Pub Date: July 21st, 2015
ISBN: 978-1-4767-4954-9
Publisher: Gallery Books/Simon & Schuster

Oh, to dine with Ignatius de Loyola, Michelangelo, and Roger Ascham, genius Cambridge scholar and royal tutor: the soon-to-be-queen Elizabeth did just that one fine Constantinople afternoon.

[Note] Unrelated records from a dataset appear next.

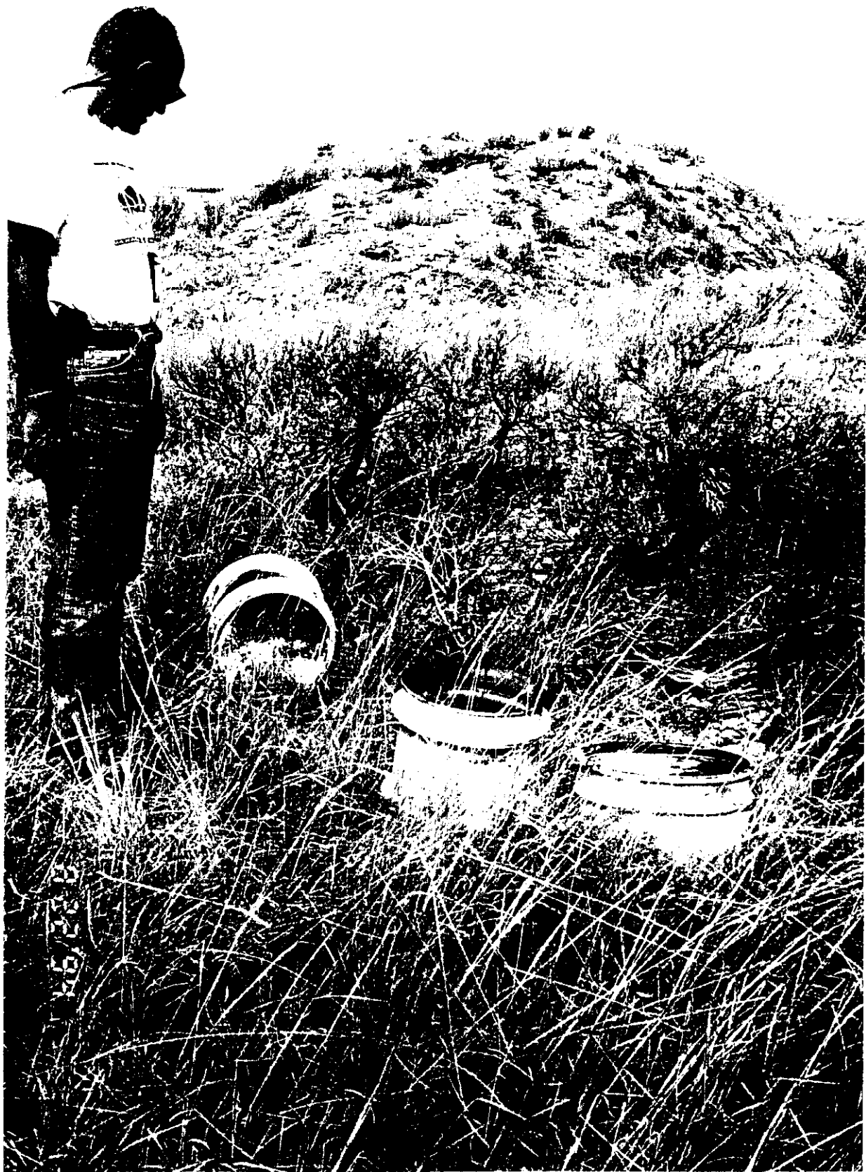
MISC-45, Dirt Pile With Naval Smoke Cans Near INTEC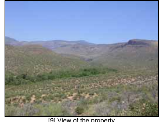
[9] View of the property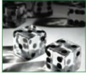
15,000:1 Contrast Ratio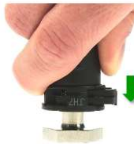
Fig. 14: Until stop plugged coupling 241 N-SL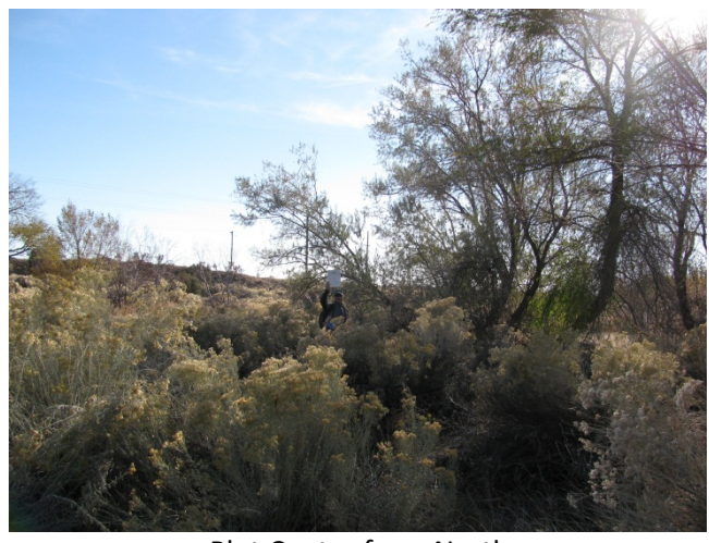
Plot Center from North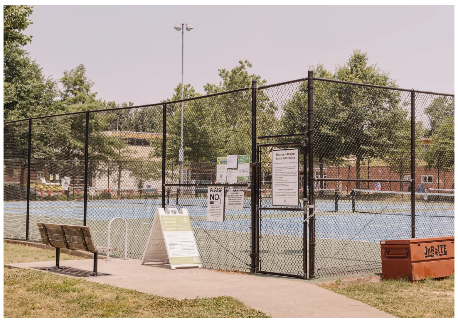
The tennis courts at the Walter Reed Community Center are now primarily used for pickleball, allowing six games to happen simultaneously.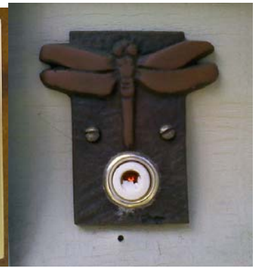
Door Bell Cover

This section is intended to be a member driven / contribution section. Where in your everyday life are odonates a part of ? Take a photo, send in a comment, make a comment, tell us where to get good Odonata “things”. Send your examples, comments, contributions, photos, etc to editor Steve Chordas III at ( stevehordas@sbcglobal.net ) or snail mail at 1063 West 2 nd Avenue, Grandview Heights, Ohio 43212.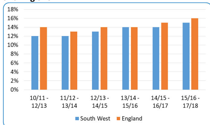
Fig 2: Proportion of pensioners in relative low income households, 3 year average, South West and England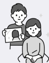
Going to the beauty salon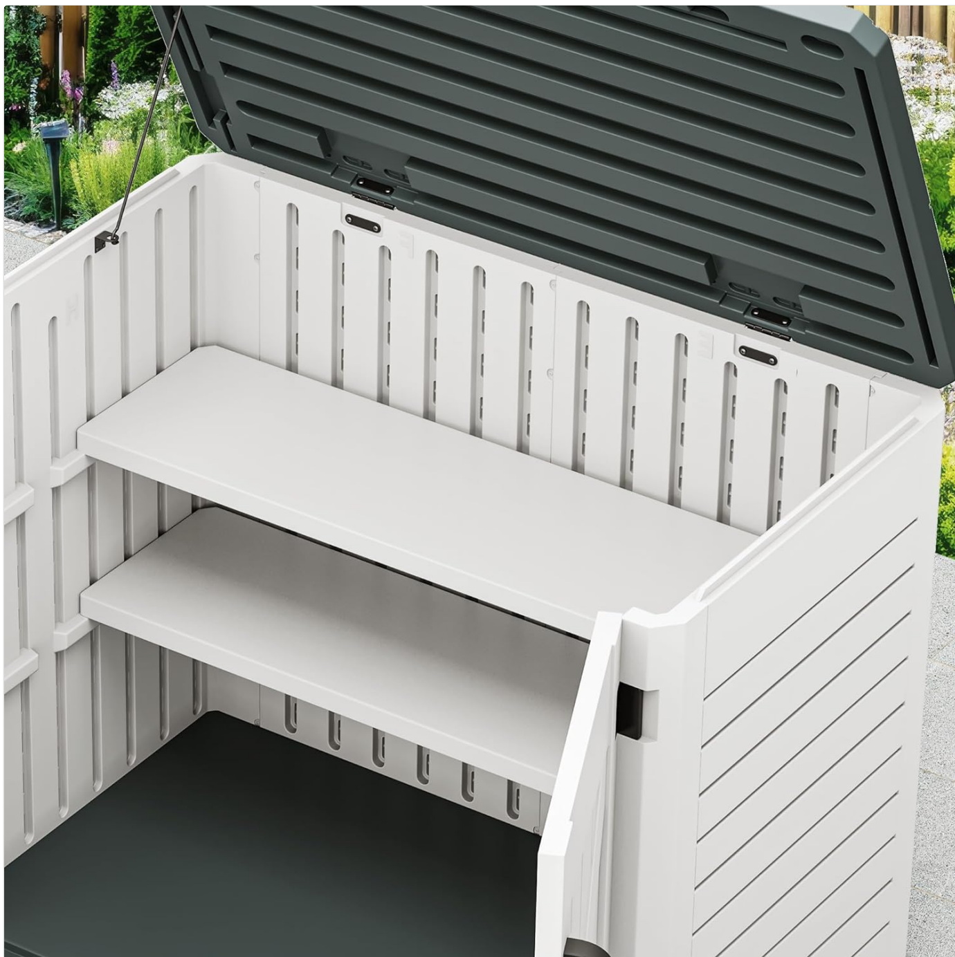
Image: Two shelves installed inside a YITAHOME storage shed.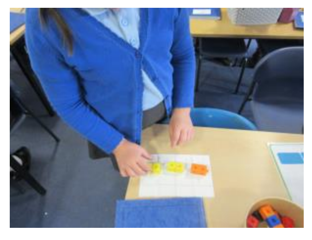
2 - Checking that I have made a model using thirds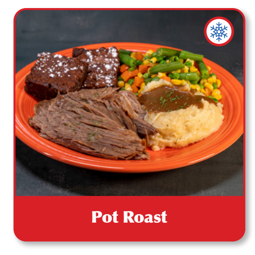
Pot roast with mashed potatoes and beef gravy, vegetables and dessert.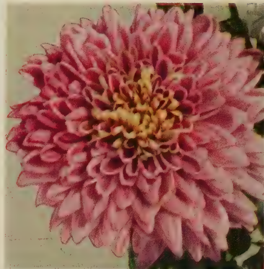
TIME. 75c each; 3 for $2.00

6 Glorious MUMS A selection of favorites that come into glorious bloom in early October. It is true that some of the later varieties are of the highest quality. 6 Sure-to-Bloom Plants (1 of each pictured) $3.70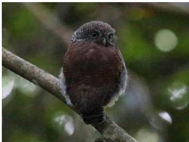
Chestnut-backed Owlet by Kevin Button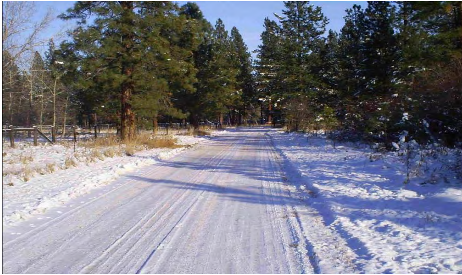
Paso Drive – well maintained and safe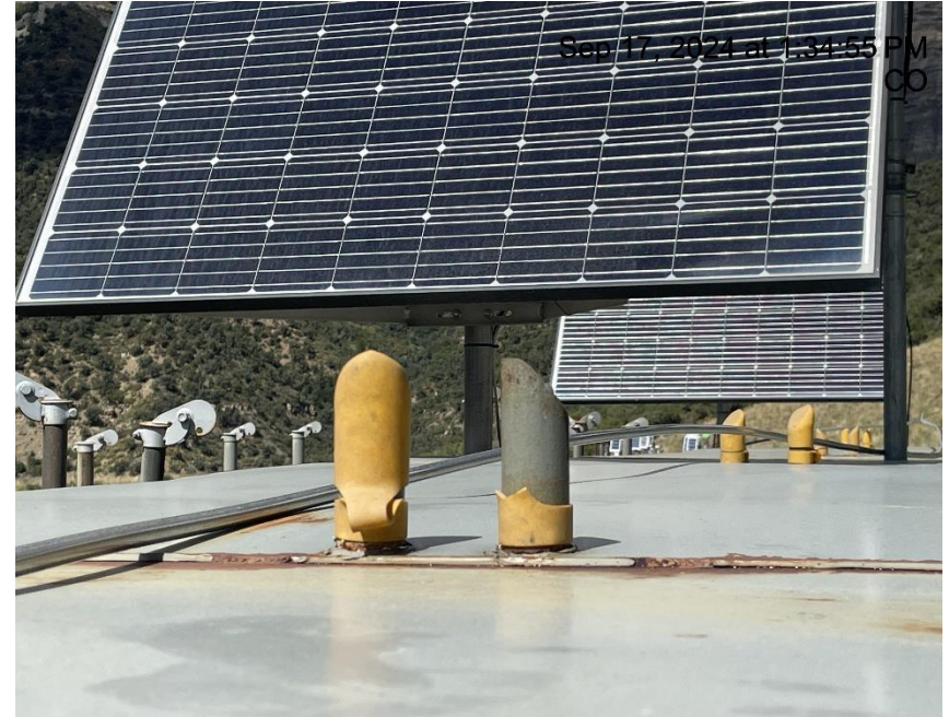
Photo # 726 PRV vent line does not comply with CECMC pressure safety device rules

The occasion? Suleiman the Magnificent’s legendary 1546 chess tournament, the setting of Reilly’s (Scarecrow Returns, 2012, etc.) intriguing novel, a murder mystery laced with social commentary and spiced by Machiavellian ideas about the art of leadership. Nuggets of history? Reilly delves into the Muslim veil, the Sunni-Shia conflict, and Muslim preservation of classical knowledge during Europe’s Dark Ages. The clever premise takes the form of Elizabeth’s deathbed confession to Gwinny, her lifelong friend and "chief attendant of her bedchamber." The most interesting characters are the princess, "the brightest 13-year-old…and mature beyond her years," and Ascham, "big round nose, hangdog brown eyes," treasuring learning as the "noblest of all endeavors." Suleiman summons the world to the tournament, held in Constantinople’s Hagia Sophia. Henry VIII dispatches Ascham and his chess-master friend, Gilbert Giles. Since plague’s afoot, Ascham persuades Henry to permit Elizabeth, a perilous third in line to the throne, to accompany him, along with Elsie, an older but flighty girl. It’s Elsie who exposes Elizabeth to debauchery's infection within Topkapi Palace: she related "frolicking with the prince—Selim said to me, ‘English rose, you are a lover fit for a king.’ " But it’s Ascham who draws Elizabeth into a mystery he’s charged by Suleiman to solve—the murder of Cardinal Farnese, an anti-Muslim representative of Rome.

Approach with an optimistic suspension of disbelief—Elizabeth I in Constantinople investigating murders, really?—and enjoy a rollicking good yarn.